SEZIONE SESTA CIVILE

SOTTOSEZIONE 1

Composta dagli Ill.mi Sigg.ri Magistrati:

Dott. VALITUTTI Antonio – Presidente –

Dott. MELONI Marina – Consigliere –

Dott. TRICOMI Laura – Consigliere –

Dott. SCALIA Laura – rel. Consigliere –

Dott. FALABELLA Massimo – Consigliere –

ha pronunciato la seguente:

ORDINANZA

sul ricorso 14685-2020 proposto da:

E.P., domiciliato in ROMA, PIAZZA CAVOUR presso la

CANCELLERIA della CORTE di CASSAZIONE, rappresentato e difeso

dall’avvocato MASSIMO GILARDONI;

– ricorrente –

contro

MINISTERO DELL’INTERNO, (OMISSIS), in persona del Ministro pro

tempore, domiciliato in ROMA, VIA DEI PORTOGHESI 12, presso

l’AVVOCATURA GENERALE DELLO STATO, che lo rappresenta e difende ope

legis;

– resistenti –

avverso il decreto n. cronol. 652/2020 del TRIBUNALE di BRESCIA,

depositato il 13/02/2020;

udita la relazione della causa svolta nella camera di consiglio non

partecipata del 27/04/2021 dal Consigliere Relatore Dott. LAURA

SCALIA.

 

Fatto

FATTI DI CAUSA E RAGIONI DELLA DECISIONE

1. E.P., nato in Nigeria, ricorre con due motivi per la cassazione del decreto in epigrafe indicato con cui il Tribunale di Brescia, Sezione specializzata in materia di immigrazione, protezione internazionale e libera circolazione dei cittadini dell’Unione Europea, ne ha rigettato l’impugnazione avverso il provvedimento della competente Commissione territoriale di diniego della protezione internazionale e del riconoscimento del diritto al rilascio di un permesso per ragioni umanitarie.

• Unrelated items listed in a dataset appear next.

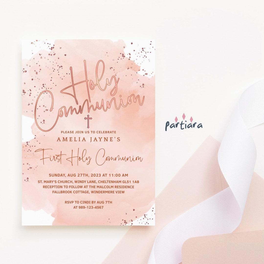 Editable Holy Communion Invitation First Communion Celebration Invite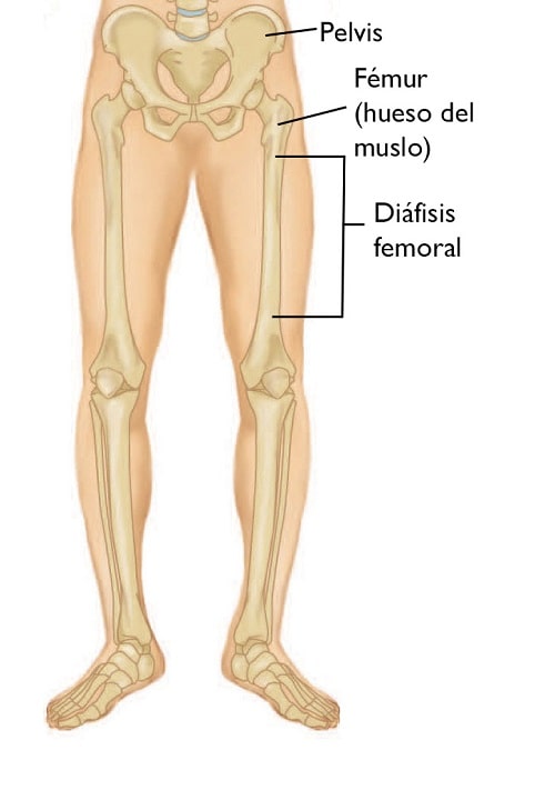 La parte recta y larga del fémur se denomina “diáfisis femoral”. La fractura en alguna parte de este hueso se denomina “fractura de la diáfisis femoral”. Casi siempre se requiere cirugía para reparar este tipo de fractura en la pierna.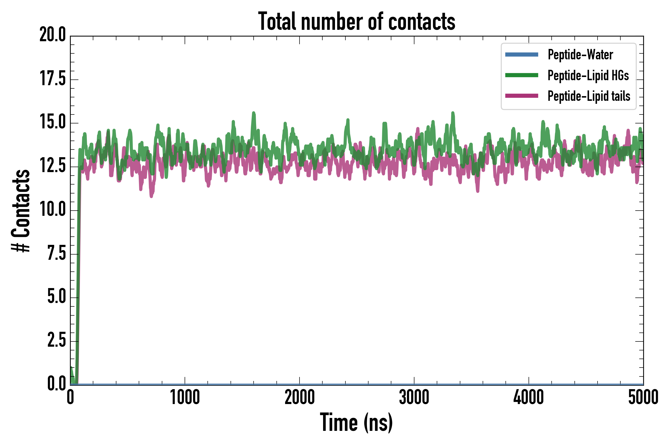 Number of contacts between each residue of the peptide backbone and the different lipid types, averaged over the last microsecond and using a cut-off of 0.6 nm.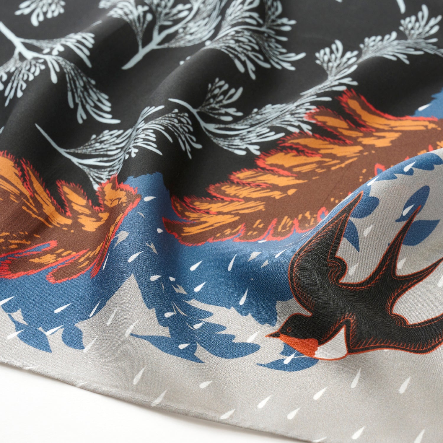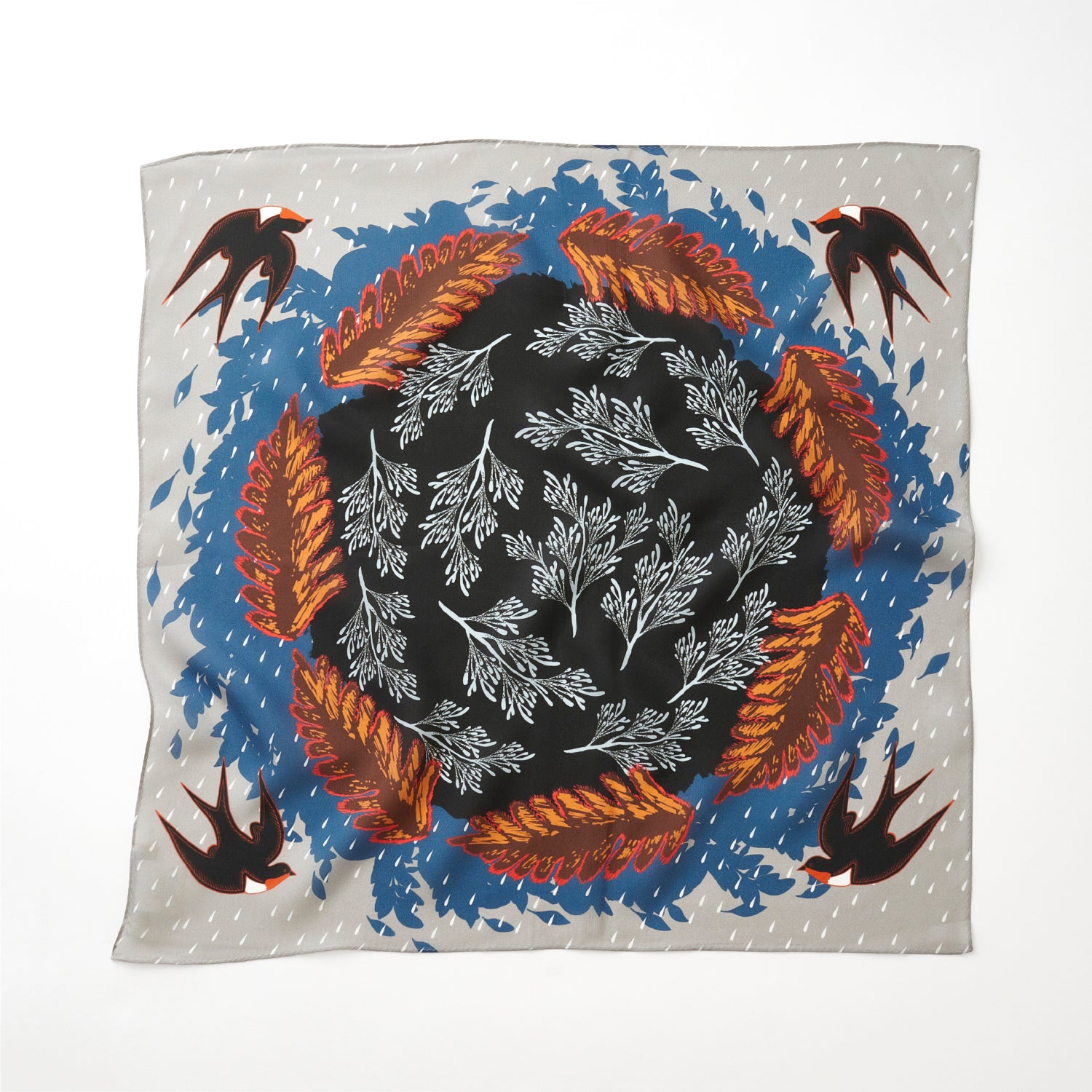Mini-écharpe bleu marine en soie imprimée japonaise 'Polka Dot Queen' avec anneau vague

Nel racconto reso in fase amministrativa il ricorrente aveva dichiarato di aver abbandonato il proprio Paese perché, dopo essere stato accoltellato dai propri fratellastri in seguito ad un litigio con loro avuto per questioni ereditarie, l’ospedale a cui si era rivolto per avere cure non gliele aveva fornite in difetto di denuncia sui fatti violenti occorsigli e che egli, guarito da una donna sconosciuta, era fuggito dapprima a (OMISSIS) e, qui raggiunto da uno dei fratellastri, a (OMISSIS) per poi spostarsi in Libia dove era stato sequestrato, arrestato e da cui era fuggito per l’Italia.

2. Con il primo motivo il ricorrente fa valere violazione e falsa applicazione, ex art. 360 c.p.c., comma 1, n. 3, del D.Lgs. n. 251 del 2007, art. 14, lett. c), in relazione al D.Lgs. n. 25 del 2008, art. 8, commi 2 e 3.

Il tribunale non aveva riconosciuto al richiedente il “beneficio del dubbio” nella valutazione della credibilità del suo racconto, che portava in evidenza ragioni d’indole religiosa che avevano determinato il richiedente a lasciare il proprio Paese; avendo il ricorrente fornito un “principio di prova” della persecuzione subita, il tribunale avrebbe dovuto riconoscergli la protezione sussidiaria.

Il motivo è inammissibile perché aspecifico.

La contestazione condotta sulla valutazione in ordine alla non credibilità del racconto operata dai giudici di merito non è sostenuta da alcuna allegazione sulle circostanze di fatto integrative del primo, se non per un generico cenno a ragioni di carattere religioso che non si coniugano in alcun modo con il racconto reso ed altrimenti indicato nel medesimo ricorso.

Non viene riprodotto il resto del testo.